Ohm’s Law is a foundational principle in electronics that describes the relationship between voltage, current, and resistance in an electrical circuit. It is represented by the equation \( V = IR \), where \( V \) is the voltage across the component, \( I \) is the current flowing through it, and \( R \) is the resistance. This law is incredibly useful for calculating the unknown quantities in a circuit when the other two are known.

For example, if you know the current flowing through a resistor and the voltage across it, you can determine its resistance. Similarly, knowing the resistance and the voltage allows you to calculate the current. In practical scenarios, like the one in the exercise, Ohm's Law helps in determining the resistance values when combined with formulas for power calculations.

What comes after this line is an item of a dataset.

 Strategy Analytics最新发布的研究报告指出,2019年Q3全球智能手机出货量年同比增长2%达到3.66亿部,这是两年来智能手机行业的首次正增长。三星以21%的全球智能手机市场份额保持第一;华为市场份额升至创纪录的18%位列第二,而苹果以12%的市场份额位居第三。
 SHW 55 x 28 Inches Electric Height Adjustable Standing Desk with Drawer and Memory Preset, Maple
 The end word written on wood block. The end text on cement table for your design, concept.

Ohm’s Law is universally applied in both simple and complex circuits, providing a straightforward approach to understanding and solving electrical problems. Its simplicity and universal application make it an essential tool for anyone working with electronics.

Power in Series Circuits

In series circuits, the current flowing through each component is the same because there is only one path for the flow of electric charge. The total resistance in a series circuit is the sum of individual resistances, represented by \( R_s = R_1 + R_2 + \ldots \). Therefore, in a series circuit with resistors, the total resistance increases as more resistors are added.

Power in a series circuit is distributed among the resistors based on their resistances. The power consumed by each resistor can be calculated using the formula \( P = I^2 R \), where \( I \) is the total current, which remains constant across the circuit.

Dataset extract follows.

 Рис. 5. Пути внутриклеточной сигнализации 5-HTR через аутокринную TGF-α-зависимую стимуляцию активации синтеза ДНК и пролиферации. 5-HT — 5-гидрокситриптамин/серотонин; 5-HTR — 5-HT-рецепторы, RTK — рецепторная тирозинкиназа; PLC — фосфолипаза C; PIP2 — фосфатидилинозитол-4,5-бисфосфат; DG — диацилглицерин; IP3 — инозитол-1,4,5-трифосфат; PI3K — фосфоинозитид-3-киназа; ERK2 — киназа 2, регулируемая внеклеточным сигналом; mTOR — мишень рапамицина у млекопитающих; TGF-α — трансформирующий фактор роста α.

In the exercise, for the resistors in series, the current can be found using \( I = \frac{V}{R_s} \), where \( V \) is the voltage of the battery. Each resistor consumes power proportionally to its resistance. Consequently, as demonstrated in the solution, the resistor with the higher resistance (\( R_1 = 36 \Omega \)) consumes more power, \( 36 \text{ W} \), compared to the lower resistance (\( R_2 = 12 \Omega \)), which consumes \( 12 \text{ W}\). Understanding these power relationships in series circuits is crucial for designing efficient electronic devices.

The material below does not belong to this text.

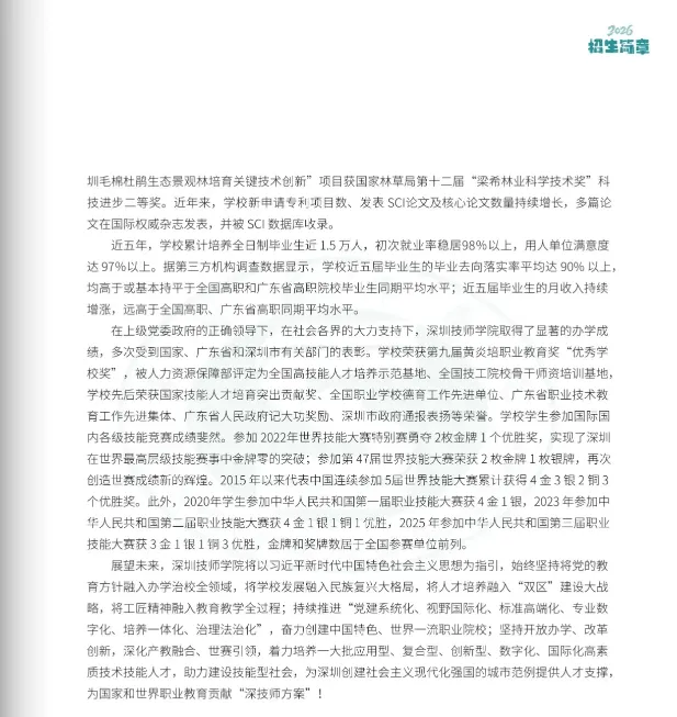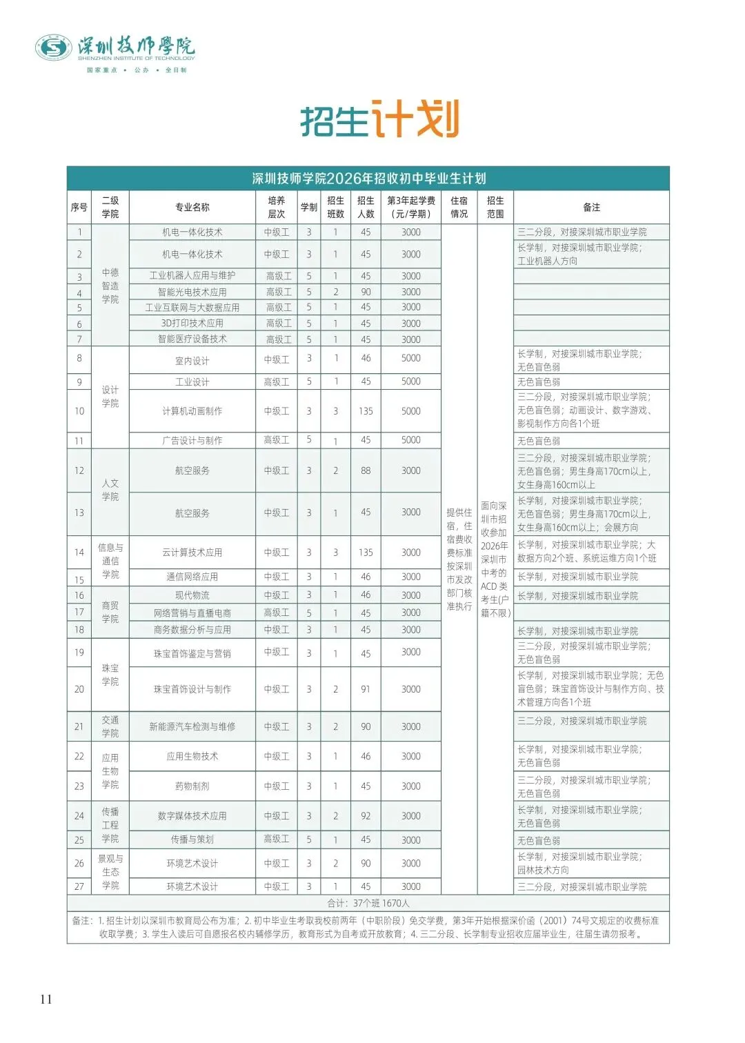 重磅来袭!深圳技师学院2026年招生简章发布!作为深圳市第一所公办技师学院、国家重点技工院校,深圳技师学院始终走在职业教育前沿。 2026年,学院招生规模再升级,长学制拟招11个专业,三二分段拟招7个专业,为学生提供“技能+升学”双保障。三二分段
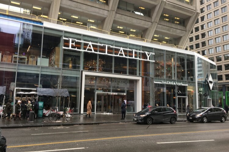 Eataly’s main entrance on November 13, 2019. A Van Cleef & Arpels jewellery boutique, operated by Birks, is located next to Eataly with prominent signage. photo: craig patterson

Power in Parallel Circuits

In parallel circuits, each component is connected directly to the voltage source, meaning each resistor has the same voltage across it. This contrasts with series circuits, where only the current remains constant. In parallel, the total resistance is calculated using the reciprocal formula \( \frac{1}{R_p} = \frac{1}{R_1} + \frac{1}{R_2} + \ldots \). The result is typically a total resistance that is lower than any individual resistance in the network.

Power distribution in parallel circuits follows the formula \( P = \frac{V^2}{R} \). Hence, the power consumed by each resistor is inversely related to its resistance since the voltage \( V \) is constant across each resistor.

In the example provided, each resistor has the same voltage of 48 V. Therefore, the power consumed by \( R_1 = 36 \Omega \) is \( 64 \text{ W} \), and for \( R_2 = 12 \Omega \), it is \( 192 \text{ W} \). The lower resistance consumes more power, a typical characteristic in parallel circuits. This concept highlights why careful distribution and management of power are necessary in electronic design to ensure components operate safely and efficiently.